Mausoleum of SS. Peter & Paul one of the nation’s finest final resting places


The faithful in the Diocese of Providence have one of the finest and most beautiful mausoleums available of any across the nation to consider when choosing a final resting place.
Rhode Island is a state where the majority of its population is Catholic, so the diocese has more than 125 churches and 32 cemeteries. And even though Rhode Island is the smallest state in our country, our diocese of the 15th largest in the country.
With no mausoleum space available, and no room for additions to previously constructed mausoleums, the Diocese of Providence ventured into a new area of their busiest cemetery for a project never seen in its 147 years in the building of SS. Peter & Paul Mausoleum at St. Ann Cemetery in Cranston in 2021.
Much went into the planning of its elaborate construction.
Four very nice designs were submitted with a variety of indoor and outdoor spaces, but two really struck a chord. One, was a building matching St. Ann Church, which is right outside the main gate of the cemetery, so that repeating of architecture from the front, through the rear of the property was a great idea. A second design submitted was a building emulating the Diocese’s historic Cathedral of SS. Peter and Paul in downtown Providence.
From that point on, everyone who reviewed the designs felt that the cathedral was the best model to emulate. Cemetery Design Associates, from Covington, Louisiana, won the bid. That was probably the easiest part of the entire project.
Having half a dozen outdoor areas of crypts and niches, stained glass could be not used to enhance those areas. This is where the services of Blackstone Cemetery Development were contracted. In also being granite suppliers, they provided five-foot statues of each saint needed to memorialize those areas. These outdoor areas offer three different types of settings. A large open area courtyard in the rear of the building is popular to those who wish to visit in the full sun of day. This is also the part of the building where future development may arise enclosing the area, giving it a true courtyard feeling.
There are two small courtyards tucked into the sides of the building, which give families a sense of privacy while being in an outdoor setting.
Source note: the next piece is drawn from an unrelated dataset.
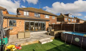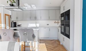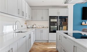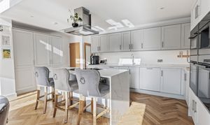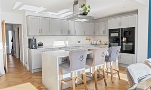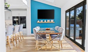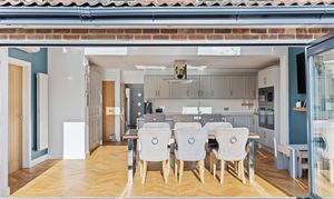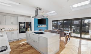 - Large living room- Open plan kitchen/dining room, incorporating an island, and seating for an eight-person table with bifold doors overlooking a south-facing garden
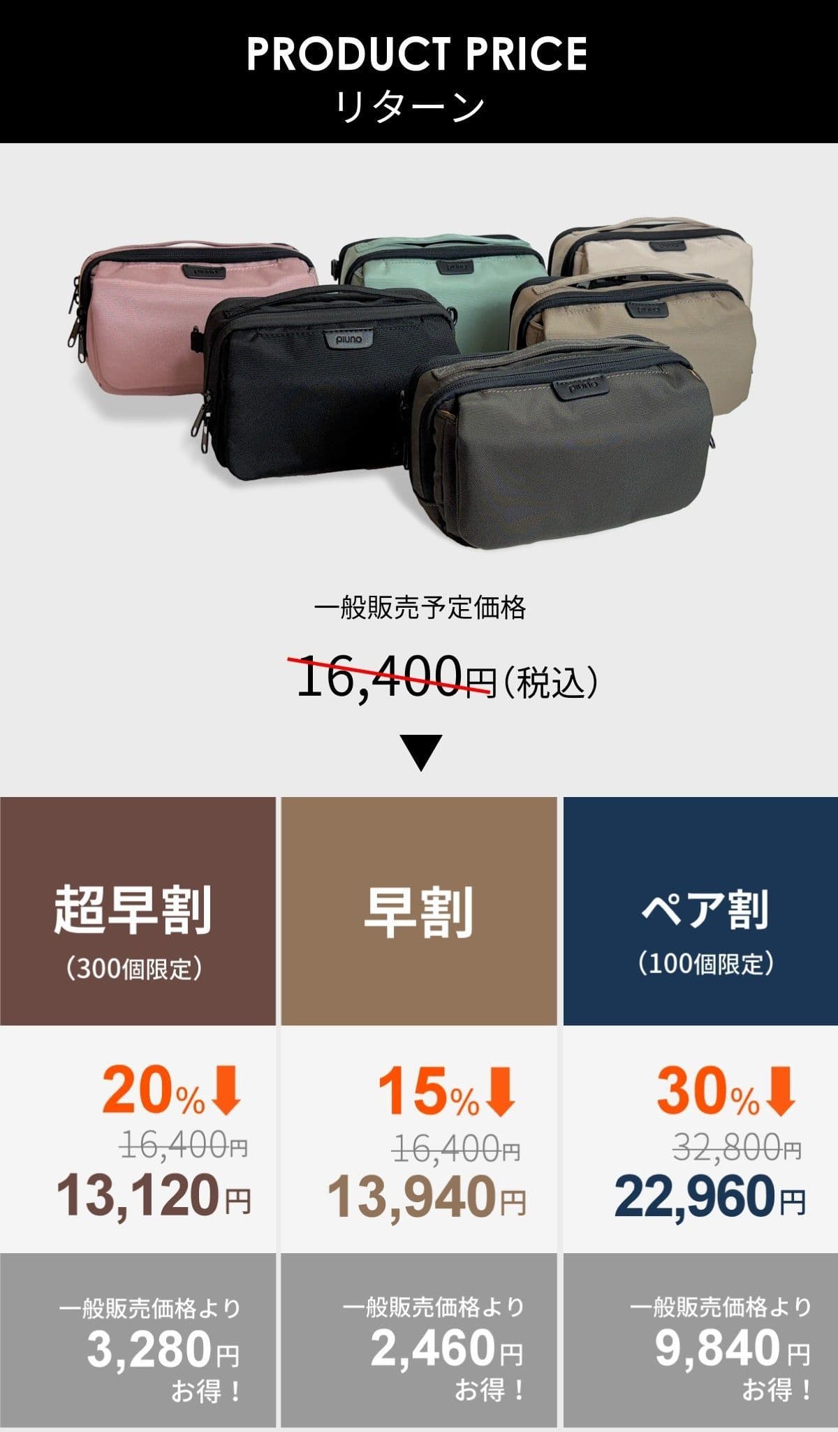 LINE事前登録で、上記価格よりさらに 15%OFF(11,152円)~ご購入いただけるCAMPFIRE発行クーポン付購入ページをご案内いたします。

The third type of area gives a cloistered feeling. Simply removing the proposed windows but leaving the arches throughout would give the now outdoor “corridors” a sense of being sheltered while being outside, thus named the Cloisters of Saints Matthew, Mark, Luke, and John.
Four years from the start of searching for designs, the Mausoleum of SS. Peter & Paul was complete and ready to be dedicated. On June 19, 2021, before a crowd of over 150 people and local media, Bishop Tobin blessed the mausoleum, making the project complete.
As sales continue, a full memorialization program has been established where families can add bronze adornments and ceramic photos to crypts and niche fronts. All artwork within and around the building is available for families to dedicate to their loved ones’ memory. Additionally, all of the areas are decorated with benches for memorialization, flower stands, and brick pavers within landscaped various gardens.
Catholic Cemeteries has made every attempt to give the families of Rhode Island all options possible within the industry, and the Mausoleum of Saints Peter & Paul is a large part of achieving that goal. There are many who contributed to the project outside of the contractors/vendors, especially the CCC network of dioceses that were a huge resource that was always one phone call away or even went as far as hosting us to visit, observe and learn about their successful mausoleums. One of the largest single mausoleums in New England could not have been possible without the continued and unyielding support from the leaders of the Diocese of Providence, including then-Bishop Thomas J. Tobin, Vicar General and Moderator of the Curia Msgr. Albert A. Kenney, Chancellor Father Timothy D. Reilly, Director of Planning and Financial Services Msgr. Raymond B. Bastia and CFO, Michael F. Sabatino. All are leaders who dared to do something never before in the diocese’s history, and for that I am truly grateful.
Anthony Carpinello is the director of Diocesan Cemeteries.